Ten Steps to a Collaborative Mindset
Are you ready for the future? Answer these ten questions to understand how prepared your organisation is for collaborating successfully in rapidly shifting market conditions.
How diverse is the community of people that influences your thinking? Do your people have the ability to think and draw conclusions? Can they adapt to changes, and learn quickly? If you can answer positively, you’re likely to have an agile and adaptable workforce, the modern prerequisites for resilience in performance. Maybe you’re already a leader with a collaborative mindset.
Adaptability is an essential trait for all your colleagues as shifting markets and shifting expectations in the workplace bring new challenges every day. The skill-set that delivered someone a promotion last month may be what causes their role to be eliminated next month. Success yesterday is no longer a reliable indicator for tomorrow. Everyone has to focus on the future and their contribution to creating it.
Processes that enable organisational agility - by supporting dynamic change and responding rapidly to environmental stimuli - will provide the key strategic difference between competitors. With windows of opportunity becoming shorter, how quickly can your organisation respond? Equally importantly, how quickly can it execute changes? To help you consider where your company is right now, here’s our top ten questions to consider…
1 Is your structure hierarchical with command and control systems? This can discourage initiative and lead to longer reaction times. It wastes time and energy in ‘managing up’, breeding anxiety and lack of trust amongst employees. By ensuring opportunities for good quality dialogue within your team, you’re able to leverage everybody's life experience to the full.
2 Are your business practices inflexible? Highly optimised systems can be super efficient, but difficult to adapt. The more your assets, skills and processes become specialised, the more change is likely to be incremental and slower. If you’re smart, you’ll recognise the difference in managing the creative, divergent part of business and the convergent, doing part of business.
3 Is your decision-making centralised? If the power to make key decisions is vested with a few individuals at the top, this can deny change, blunt enthusiasm and smother agile and adaptable behaviours. Similarly, would you assess your key meetings as energy sources or energy sinks?
4 Does your organisation have a compelling purpose? The absence of a clear shared purpose may mean your people find it difficult to identify how they can contribute to progress. As for understanding what your company’s source of competitive advantage is... The fastest growing companies have an aspirational, transformative purpose to capture hearts and minds. Critically important, a truly shared purpose or context thrives on participation and not instruction.
5 Do your employees have the right skillset and mindset? Critical-thinking, problem- solving and decision-making are the building blocks that establish a framework to help employees identify changes in their environment quickly and adapt response strategies targeted at producing the right outcomes.
6 Do you embrace grassroots leadership and the organisational agility that comes with it? Companies who support decision-making structures that facilitate the diverse input of a broad community of employees gain access to innovative ideas and alternative approaches that can solve problems and create business opportunities (instead of relying on a few people in leadership positions). Implementing such ideas quicker than your competitors is key to creating competitive advantage.
7 Do you encourage a diversity of approach? If you value conformity and cohesion at the expense of diversity and divergence, this can limit your ability to generate the great ideas that could make your business genuinely adaptable. Without enough experimentation taking place in the business, future winning strategies are unlikely to emerge. And don’t underestimate it’s influence on your ability to attract and retain talent and customers. Not to mention the potential loss of cash reserves. In responding to changing circumstances the business mantra has to be ‘agile and adaptable’ not ‘stuck and slow’.
8 How reliant are you on ownership of assets? In an information-based world the modern successful company places greater value on accessing, renting and sharing - helping them to stay nimble. Rather than ‘owning’ employees, exponential organisations hire external people for simple to complex projects, even mission critical processes - providing speed, functionality and flexibility.

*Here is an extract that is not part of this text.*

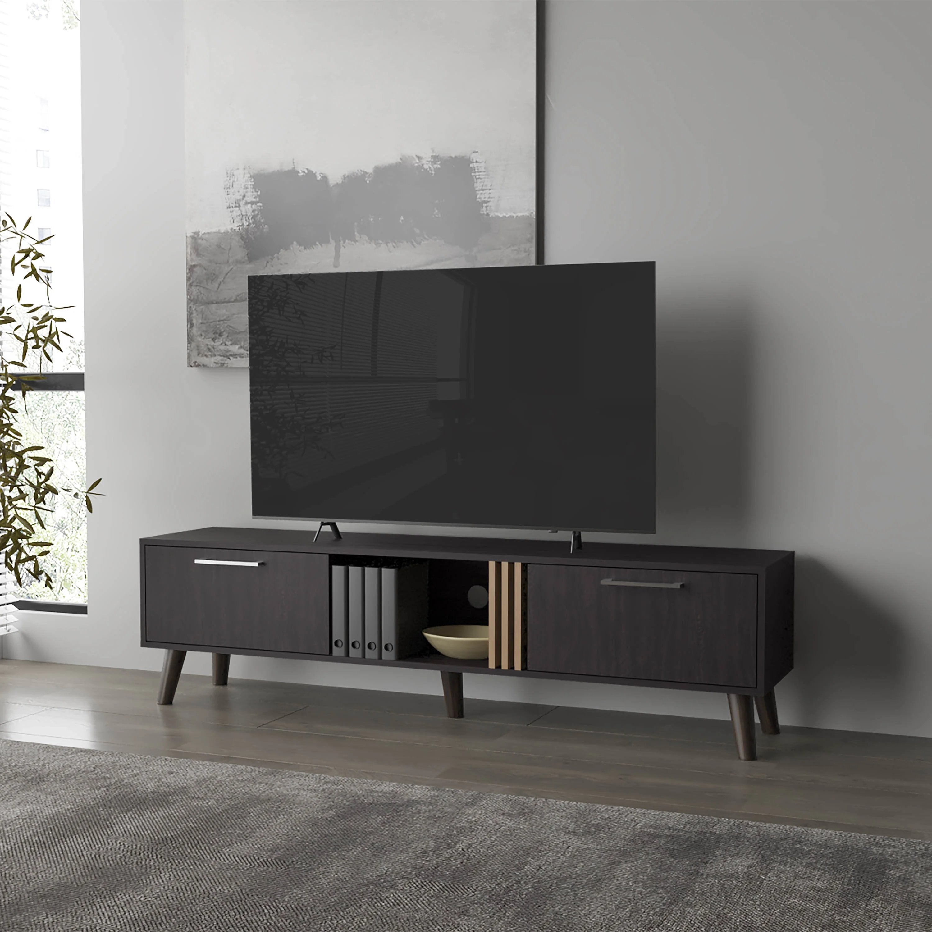 Bring modern elegance and practical storage to your media area with this Wengue-finished TV stand. Its deep, sophisticated wood tone and clean rectangular silhouette create a refined focal point while the smartly arranged shelving and doors keep electronics, media, and accessories organized and accessible.

9 Is your use of technology geared to agility and adaptability? Technology continues to shape the future through advances in software and the digitalisation of virtually everything - engagement of customers and employees, learning, information, interfaces enabling involvement, access and control. In terms of being ‘tech savvy’ have you thought about the importance of attracting young people in their 20s/30s to influence the thinking of your business?
10 How far has your business explored the potential for collaboration? As more businesses wake up to the reality of disruptive risk, the smart players are realising that collaboration is a way to mitigate that risk. Think about allocating time to exposure of ideas outside your business that could change your business. Your capacity to collaborate can be your greatest sustainable competition advantage in an age of accelerating change.
So having considered those ten questions, how well placed are you to face the future and what steps do you take next? Whilst this may be a modern challenge, the logic behind the approach required is timeless. “To improve is to change. To perfect is to change often.” said Sir Winston Churchill, or was it Gary Oldman? Even Mahatma Gandhi had an opinion on it: “Adaptability is not imitation. It means power of resistance and assimilation.” Sounds like a man who understood the importance of resilience.